About Cytheris’ Interleukin-7 Clinical Development
Ongoing clinical development includes six interpatient dose escalation studies, with starting doses varying from 3 µg/kg/week to 60 µg/kg/week, to evaluate the safety and biological activity of CYT107 in various indications. These studies include:
- CLI-107-04: a monocentric Phase I interpatient non-controlled dose escalation study in oncology (metastatic melanoma or renal cell carcinoma), conducted at the US National Cancer Institute, Bethesda, Maryland.
- CLI-107-06 (the INSPIRE study): a Phase I/IIa interpatient dose escalation randomized placebo-controlled, single-blind, multicenter study in HIV-infected patients, conducted in the United States, Canada, Italy and France.
- CLI-107-05 (ECLIPSE-1): a Phase I multicenter, non-controlled interpatient dose escalation study in treatment-naive, non-responder (no Early Viral Response (EVR) at week 12) HCV infected patients conducted in France, Italy and Switzerland assessing CYT107 in combination with a peg-interferon (peg-IFN) and Ribavirin (RBV) bi-therapy.

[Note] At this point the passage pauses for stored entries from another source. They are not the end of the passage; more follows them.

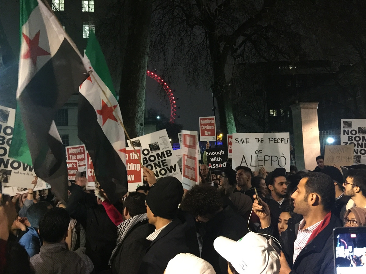 Halep'teki duruma dikkati çekmek amacıyla sosyal medya platformları üzerinden örgütlenen çok sayıda kişi, Londra'daki İngiltere Başbakanlığı binasının önünde bir araya geldi.
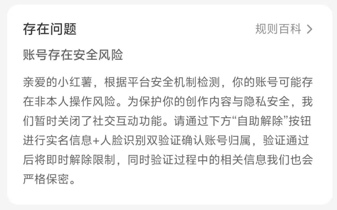 “为什么我的小红书账号突然无法登录,要刷脸认证了?”
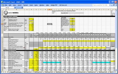 The ASM1-SBR spreadsheet was developed by Water Works Engineers as a means of modeling the performance and oxygen requirements over a single cycle of an SBR. The spreadsheet is based on the IWA Activated Sludge Model 1 and models the dynamic performance of reactor using 15 time steps. For each time step, the user specifies a volume of wastewater fed and the oxygen concentration maintained during that step. This spreadsheet is open source shareware that we are offering to the community as a collaborative product; please read the licensing terms embedded in the spreadsheet and only use it if you agree to them. Please send us any suggested improvements, comments, or enhancements so that we may share them with others.
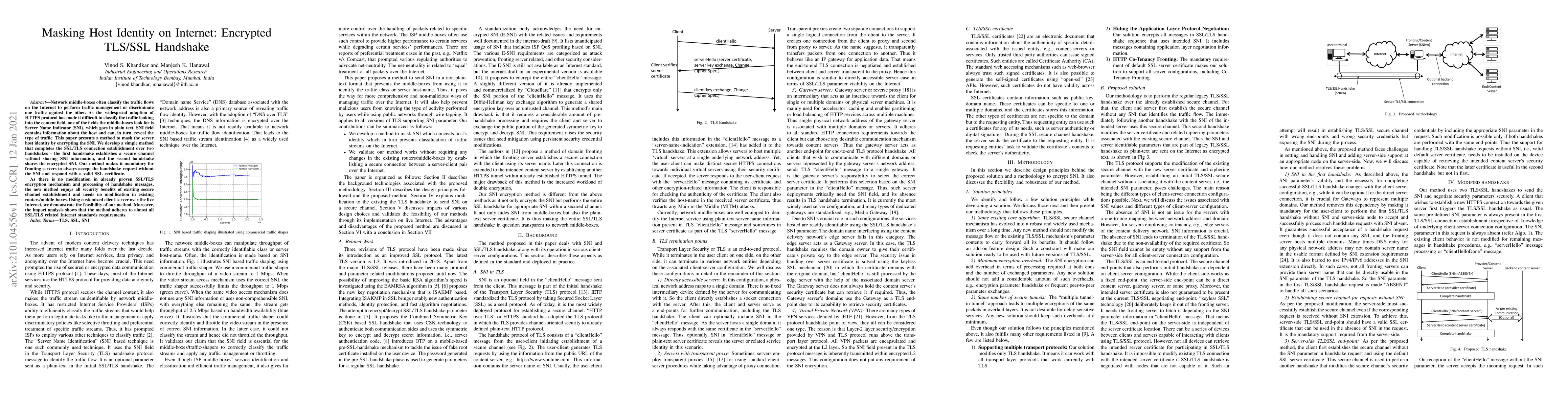 This paper proposes a method to mask server host identity during HTTPS traffic by encrypting the Server Name Indicator (SNI) field, which is typically sent in plain text. The method involves two SSL/TLS handshakes: the first establishes a secure channel without sharing SNI, and the second shares the encrypted SNI. This approach maintains existing SSL/TLS security benefits and does not require modifications to routers or middle-boxes.
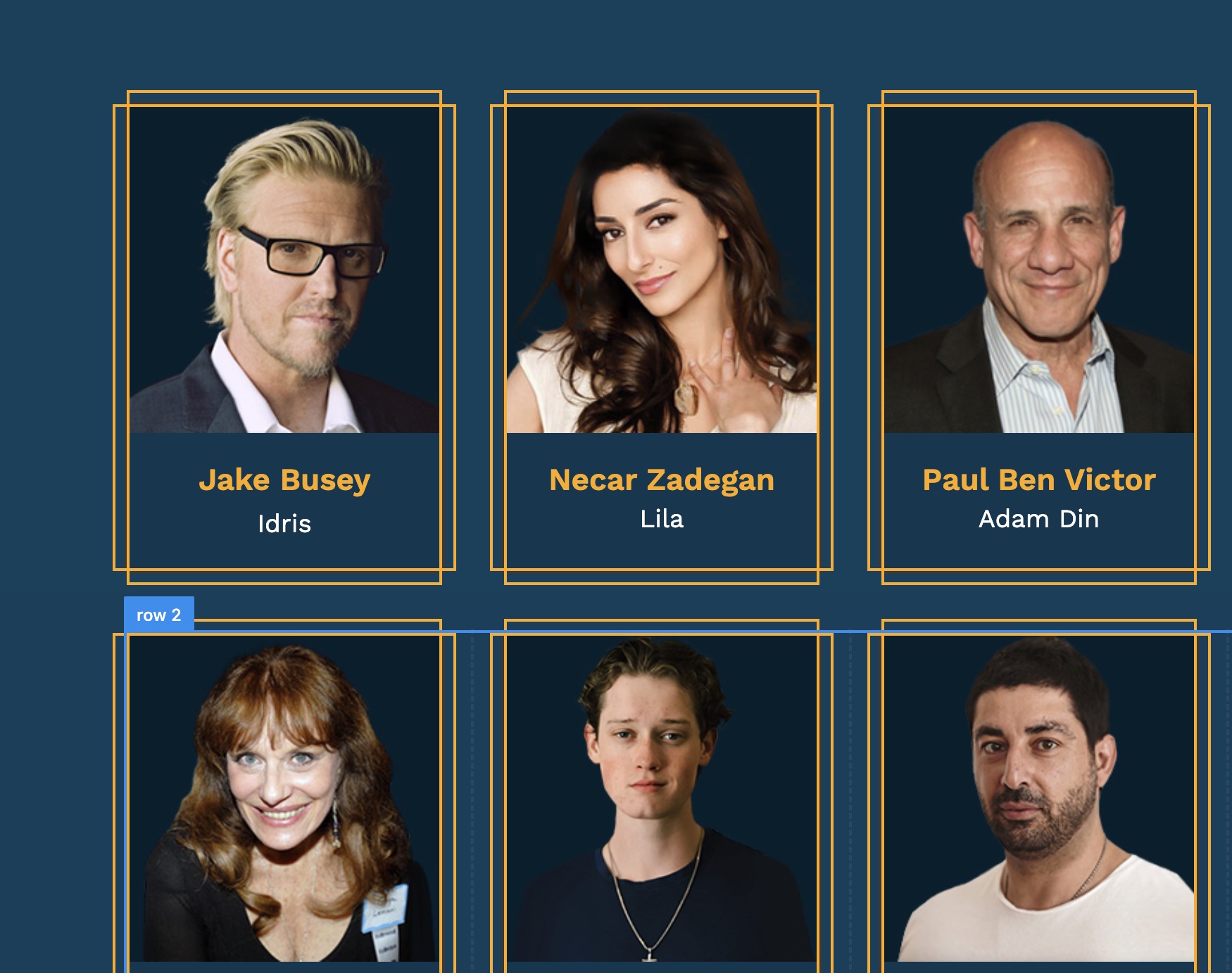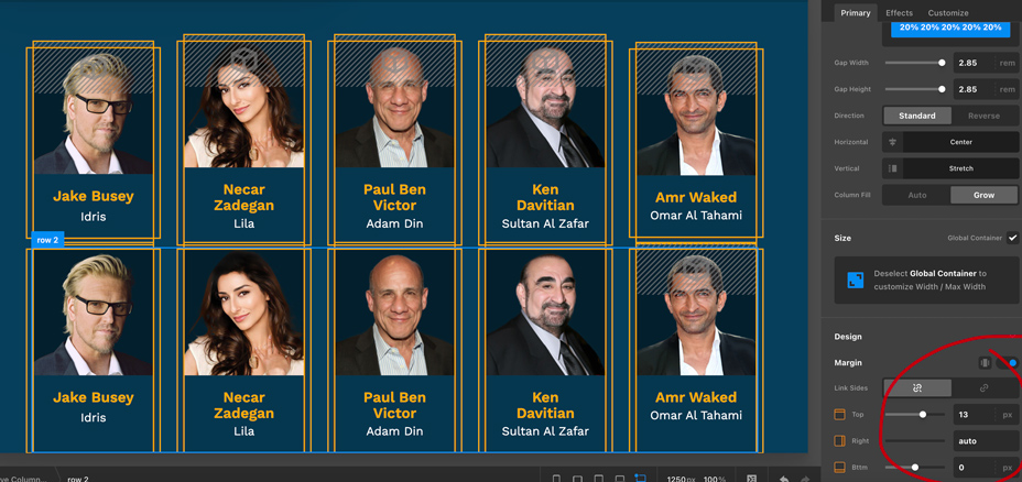 You have Row1 and Row2 to display the cast members. In your Row element settings, you have 2.85rem gap width for each column.

- CLI-107-07 (ECLIPSE-2): a Phase I/IIa non-controlled dose escalation study in HCV-infected patients, conducted in France and Italy, evaluating CYT107 in combination with peg-IFN and RBV bi-therapy in patients with genotype 1 and 4 previously non-responsive to standard treatment.
- CLI-107-09 (ECLIPSE-3): a Phase I/IIa non-controlled dose escalation study in chronically infected HCV patients, conducted at multiple sites in Taiwan, evaluating CYT107 in combination with peg-IFN and RBV bi-therapy in patients with genotype 1 previously non-responsive to standard treatment.
- CLI-107-08: a monocentric Phase I non-controlled interpatient dose escalation study in recipients of HLA-matched ex-vivo T-cell-depleted bone marrow or peripheral blood stem cell transplant to restore CD4+ and CD8+ counts following T-cell depletion, conducted at the Memorial Sloan-Kettering Cancer Center in New York City.
About Cytheris – www.cytheris.com
Cytheris SA is a privately held clinical-stage biopharmaceutical company focused on research and development of new therapies for immune modulation. These drugs aim at reconstituting and enhancing the immune system of patients suffering from cancer, chronic viral or bacterial infections such as HCV, HBV and HIV, or lympho-depleting treatments such as chemotherapy, radiotherapy, bone marrow transplantation (BMT) and hematopoietic cell transplantation (HCT). The company operates from its headquarters and laboratories in Issy-les-Moulineaux, a suburb of Paris, and its U.S. subsidiary in Rockville, Maryland.